Extracting a Net List
January 10, 2017
A client of Artwork needed to extract a net list from a flip chip package design. They already had a net list from the original design (created in APD) but the test lab had requested the manual addition of "jumpers" across many of the die pads and many of the ball pads to create a daisy chain variation. After the addition of the jumpers a new net list had to be extracted to insure that the correct connections had been made.
Left side: die.gbr - jumpers added to die side; Right side: rdl.gbr - jumpers added to BGA side.
The client was able to use NETEX-G to create a new set of nets based on connectivity taking the jumpers into account. Pin labels were imported using the AIF format - AIF can be exported from the original APD design since the locations of the pins and their labels is not affected by the addition of the jumpers used to produce a daisy chain.
Step 1 - Gather the Data
To extract the nets and produce a proper netlist we used:
die.gbr - a Gerber file that included the die pads plus the jumpers on the die side
via.gbr - a Gerber file that contained the vias from the die pads to the RDL
rdl.gbr - a Gerber file that contained the RDL metal plus jumpers added to the RDL side
package.aif - an AIF file that contained the die pad locations, labels and coordinates
Step 2 - Put Top/Bottom Conductors into NETEX-G
Start NETEX-G and load the die.gbr and rdl.gbr files into positions 1 and 3. Insert a dielectric between them.

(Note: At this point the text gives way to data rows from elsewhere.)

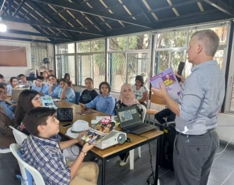 طلاب ثانوية عمشيت يلتقون الكاتب الفرنسي دافيد غروازون
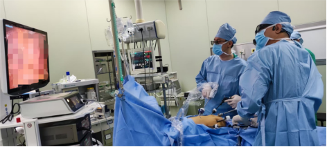高峰教授和李强教授正在为病人实施腹腔镜手术
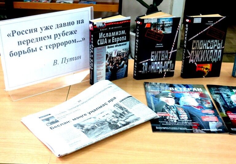 В рамках Дня солидарности в борьбе с терроризмом, 3 сентября в библиотеке был организован тематический просмотр антиэкстремистской литературы под названием "Помни Беслан" и антитеррористический час для читателей "Терроризму - Нет!", посвященный трагическим событиям, произошедшим в первые сентябрьские дни 2004 года в г. Беслане. Терроризм это - угроза обществу, то есть угроза людям, это идеология насилия и практика воздействия на общественное сознание, на принятие решений органами государственной власти, органами местного самоуправления или международными организациями. Террорист это, тот человек, который применяет насилие для устрашения и убеждения кого либо. Любой террористический акт, война — это боль, слезы, горечь. Это страшное потрясение для здравомыслящего человека. Страдают ни в чем неповинные люди. Погибают дети. В первые сентябрьские дни в школе №1 г. Беслана террористы удерживали 1128 заложников. Погибло свыше 350 человек. Ранено около 500 человек. Из них 186 детей. Самому маленькому из погибших исполнилось 6 месяцев. Это Норд-ост , взрывы в аэропорту, взрывы в московском метро, покушения, террористический акт во Владикавказе, террористический акт в Ставрополе, террористический акт в Кизляре - это очень серьёзно и самое главное – страшно. Часто взрывные устройства подбрасывают в различных пакетах. Поэтому увидев лежащий бесхозный пакет, нельзя его поднимать, а надо сообщить об этом службе безопасности. В современном мире высоких технологий и всеобщей интеграции невозможна борьба с терроризмом каждой страной по отдельности. Нужна коалиция всех стран, заинтересованных в уничтожении этого феномена. Удар должен быть нанесен точечный и сразу по всем направлениям деятельности террористов, причем этот удар обязан состоять не только из военных мер, но и экономических, политических. Вопрос состоит не только в том, чтобы уничтожить военные подразделения бандитов, но и в перекрытии финансовых подпиток этих людей, а также необходимо создать условия, при которых не будут появляться новые террористы. Объяснение столь радикальных мер следующее: если прекратить деятельность военных подразделений, но оставить финансовые источники бандитов – появятся новые люди, готовые умирать потому, что за это платят. Обязательно нужно создать новые рабочие места в районах сосредоточения ячеек террористов и территориях набора наемников, воюющих в других государствах. Если это будет сделано, то в организациях экстремистского толка не будет появляться такого числа кадров, хотя существуют фанатики, борющиеся неизвестно за что. Немаловажной частью борьбы является информационная война, победа в которой может принести значительную часть успеха во всей операции, а поражение может свести на нет успехи в других направлениях. Для удачной борьбы необходим удар и по преступности, потому что террористы имеют доход с продажи наркотических средств и оружия. Для успешной борьбы с терроризмом нужно уничтожать не только организации экстремистского толка, но и преступность, т. е. вести войну против всего мирового зла в целом. Хочется верить в то, что больше угрозы от террора не будет нигде, что мы больше не услышим взрывов, выстрелов, что больше никто никогда не будет никого захватывать. Всё остановить, предотвратить мы можем только тогда, когда все объедин
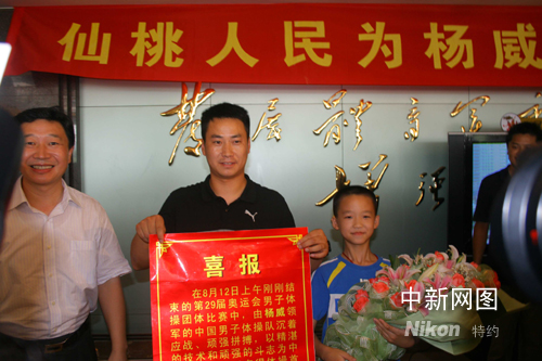楊威的姐夫謝圣武和外甥謝順是唯一留在仙桃的親屬,他們和當(dāng)?shù)孛癖娨黄鹱允甲越K關(guān)注著比賽進(jìn)程。十二時五十分左右,中共仙桃市委書記周霽將一份大紅的“喜報”交到謝圣武、謝順手中,代表當(dāng)?shù)貙钔H屬及其本人表示祝賀。周霽說,他和全市一百五十萬民眾一樣非常激動,楊威率隊(duì)贏得了這塊含金量最高的金牌,是仙桃民眾的驕傲。“更快、更高、更強(qiáng)的奧林匹克精神,已經(jīng)融入到了體操之鄉(xiāng)仙桃人的血脈中,并將激勵民眾自強(qiáng)不息,推動經(jīng)濟(jì)社會發(fā)展。”他表示。

Next we need to connect the die pads to the RDL layer. This is done using the via.gbr file and defining it as a drill between the two layers.
Step 3 - Using the Drill Dialog to Connection Top/Bottom
The drill dialog defines one or more drills that are used to produce vias between conductor layers. In this case we use the via.gbr layer as our drill (even though this process uses no actual drills we still use this nomenclature from the PCB business.)
Notice that we set the top and bottom layer to 1 and 3 - this is the stackup position since position 2 is a dielectric between the two conductor layers.
Step 4 - Define Vertical Properties
Why do we need to define vertical properties for net list extraction? We don't; but because we are using a flow that produces a 3D output file we are required to define Z thicknesses for the conductor and dielectric layers. This is done by cliking on the Properties button from the main dialog and filling in some reasonable values.
Step 5 Import Labels from AIF
Netex-g can trace out connected geometries without any external labels but these results would not be useful. Fortunately we can mass import the locations of the pins (both die side and BGA side) from the AIF file exported from APD. (Note - it is important that when you export AIF and generate your Gerber data that there not be any X,Y offset between them and that they share the same mirroring. Just like a probe card for a PCB must not be mirrored or shifted.)
We import the pin information using the Labels dialog box; then select Import and AIF.
Use the browse button to select your AIF file and then check: Import Nodes from AIF. (Nodes are the NETEX-G equivalent to pins) Select Ball Pads and Die Pads. Turn on: Use Ref Des and enter the appropriate reference designator. Make sure you have the stackup layer correctly selected. In this example we put the die pads on 1 and the BGA on 3 but we could have loaded in the other order.
Then click on OK.
When you get back to the Label dialog box you will see that the Nodes section now has data. You should see all the pin labels imported from the AIF as shown below:
Step 6 - Define the Output
We get to the output dialog by clicking on the Output button from the main menu. Once in this dialog we make the following settings:
We set our output format to: 3Di.
We don't need to check: Create Dielectric Bodies since we are just considering the conductors.
The ROI/Profilie section should be set to Window. Then click on the Window Selection Button and make sure the window is set to Data Extents.
Finally we define an output file name for our 3Di file. This will normally be placed in the directory we defined for output in the preferences dialog.
That's it for the output dialog.
Step 7 - Running the Conversion
From the main menu, click on the Execute button. The program will prompt you to save the job file (an ascii file that contains all your settings and which can be reloaded in future sessions) Then it will process the Gerber files and the pin label data.
When NETEX-G is complete, there should be two files in the output directory:
The 3Di file can be viewed using Artwork's 3DVU and it displays a geometric representation of the layout.
The text file is a netlist sorted by Net with one reference designator/pin per line along with its X,Y coordinates. (the X,Y coordinate are always converted into units of microns even through the Gerber data is in inches or mm.)
This netlist is always created when 3Di output is created. However, if no pin labels were imported or defined, then the netlist file will be empty.